According to the notification, exports of raw sugar, white sugar and refined sugar have now been shifted from the “Restricted” category to the “Prohibited” category with immediate effect. The government said the measure was necessary as India faces concerns over declining sugar production and rising domestic demand.
India, the world’s second-largest sugar producer and one of the biggest exporters after Brazil, had earlier allowed mills to export around 1.59 million metric tonnes of sugar, expecting surplus production this season. However, lower cane yields in key sugar-producing states and fears of weak monsoon conditions linked to El Niño have raised concerns that production may fall short of consumption for the second consecutive year.

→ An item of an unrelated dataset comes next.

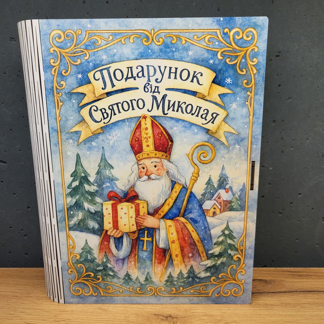 Коробка у вигляді книги від Святого Миколая. Коробка у вигляді книги 25х20х6см “Подарунок від Святого Миколая” Матеріал – фанера

The government has, however, provided certain exemptions under international agreements. Sugar exports to the European Union and the United States under CXL and Tariff Rate Quota (TRQ) arrangements will continue. Shipments under the Advance Authorisation Scheme and government-to-government agreements have also been exempted from the ban.

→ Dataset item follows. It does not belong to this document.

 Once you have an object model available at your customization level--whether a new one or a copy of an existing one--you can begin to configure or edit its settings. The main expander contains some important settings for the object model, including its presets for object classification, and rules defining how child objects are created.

Officials also clarified that consignments already in the export pipeline will be allowed under specific conditions. Exports can proceed if loading had already begun before the notification was issued, or if shipping bills had already been filed and vessels had reached Indian ports before the order came into effect.
The decision is expected to impact global sugar markets significantly. Following the announcement, global sugar prices rose sharply, with raw sugar futures in New York climbing over 2 per cent and white sugar futures in London rising nearly 3 per cent. Analysts believe rival exporters such as Brazil and Thailand may benefit from India’s absence in international markets.
Meanwhile, shares of several Indian sugar companies witnessed declines in early trading on Thursday after the export ban announcement triggered concerns over reduced overseas business opportunities for the sector.